#### Data block:
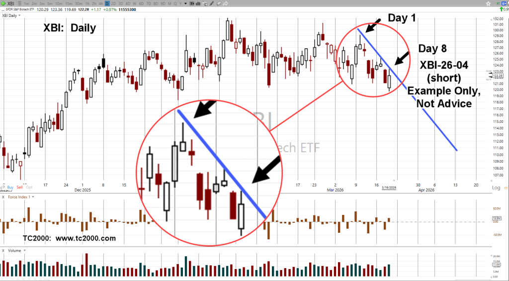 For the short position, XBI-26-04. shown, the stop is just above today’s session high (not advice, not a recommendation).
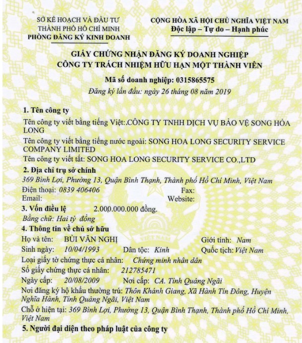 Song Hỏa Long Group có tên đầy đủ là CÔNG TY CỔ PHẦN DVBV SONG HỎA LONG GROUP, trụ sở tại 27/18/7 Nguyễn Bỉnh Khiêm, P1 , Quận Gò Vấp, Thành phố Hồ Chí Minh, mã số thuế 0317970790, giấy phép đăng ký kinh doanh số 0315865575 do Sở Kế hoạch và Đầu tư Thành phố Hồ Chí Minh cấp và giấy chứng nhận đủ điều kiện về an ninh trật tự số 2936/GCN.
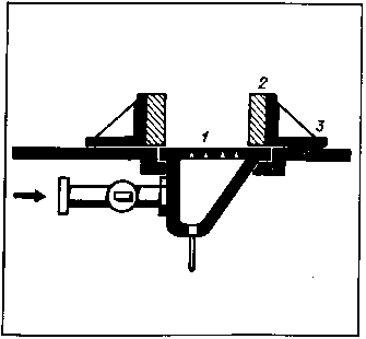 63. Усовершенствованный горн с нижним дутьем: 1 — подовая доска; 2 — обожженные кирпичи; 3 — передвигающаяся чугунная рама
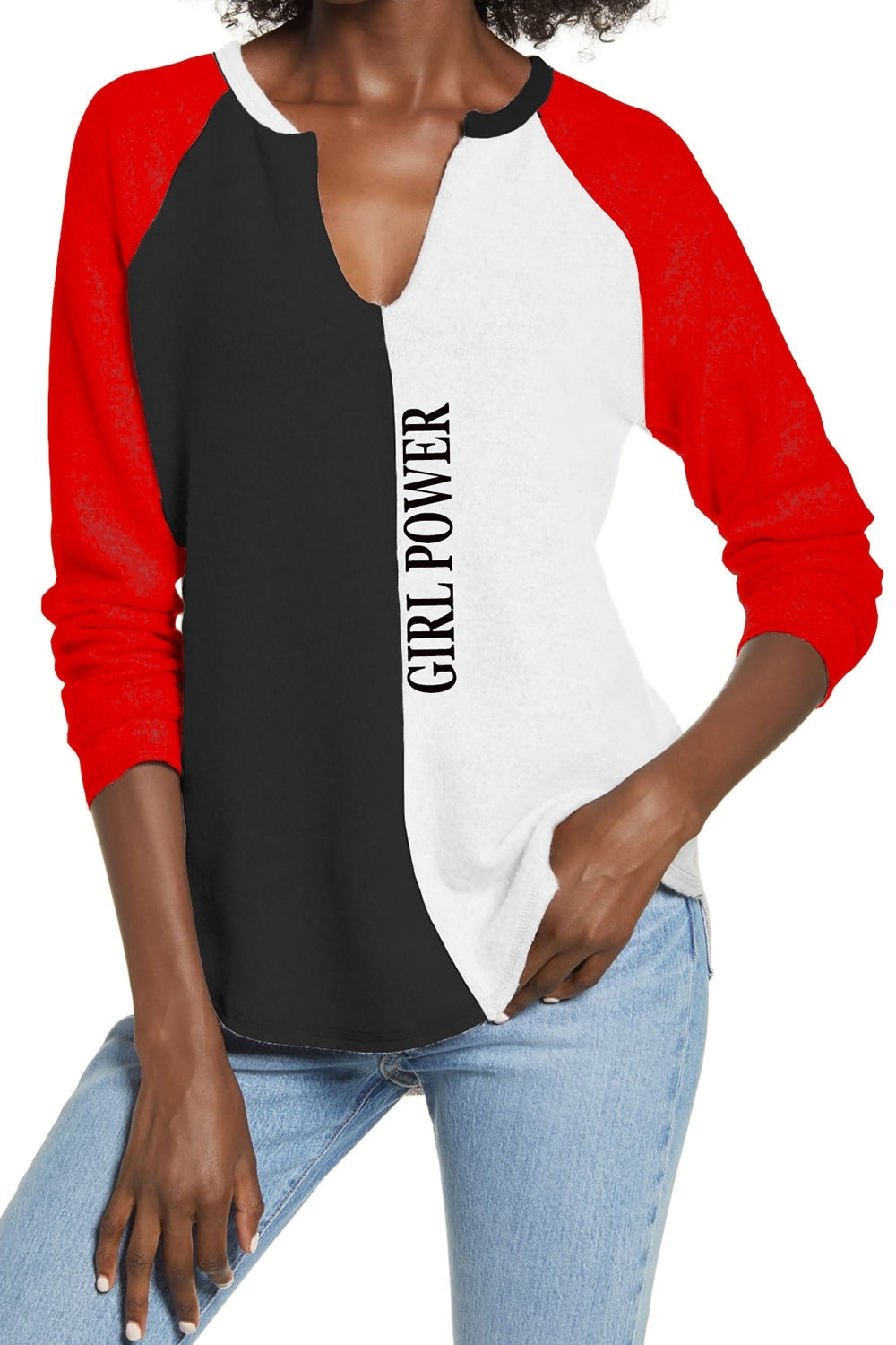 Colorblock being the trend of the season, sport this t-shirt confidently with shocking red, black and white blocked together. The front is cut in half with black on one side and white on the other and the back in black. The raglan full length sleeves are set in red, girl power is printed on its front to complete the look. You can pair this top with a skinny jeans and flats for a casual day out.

#### What you should do:
Your task is to quote exactly the lines from the one with "Song Hỏa Long Group có" through the end of the material, both included, without reproducing any pictures.

#### Answer:
 Song Hỏa Long Group có tên đầy đủ là CÔNG TY CỔ PHẦN DVBV SONG HỎA LONG GROUP, trụ sở tại 27/18/7 Nguyễn Bỉnh Khiêm, P1 , Quận Gò Vấp, Thành phố Hồ Chí Minh, mã số thuế 0317970790, giấy phép đăng ký kinh doanh số 0315865575 do Sở Kế hoạch và Đầu tư Thành phố Hồ Chí Minh cấp và giấy chứng nhận đủ điều kiện về an ninh trật tự số 2936/GCN.
 63. Усовершенствованный горн с нижним дутьем: 1 — подовая доска; 2 — обожженные кирпичи; 3 — передвигающаяся чугунная рама
 Colorblock being the trend of the season, sport this t-shirt confidently with shocking red, black and white blocked together. The front is cut in half with black on one side and white on the other and the back in black. The raglan full length sleeves are set in red, girl power is printed on its front to complete the look. You can pair this top with a skinny jeans and flats for a casual day out.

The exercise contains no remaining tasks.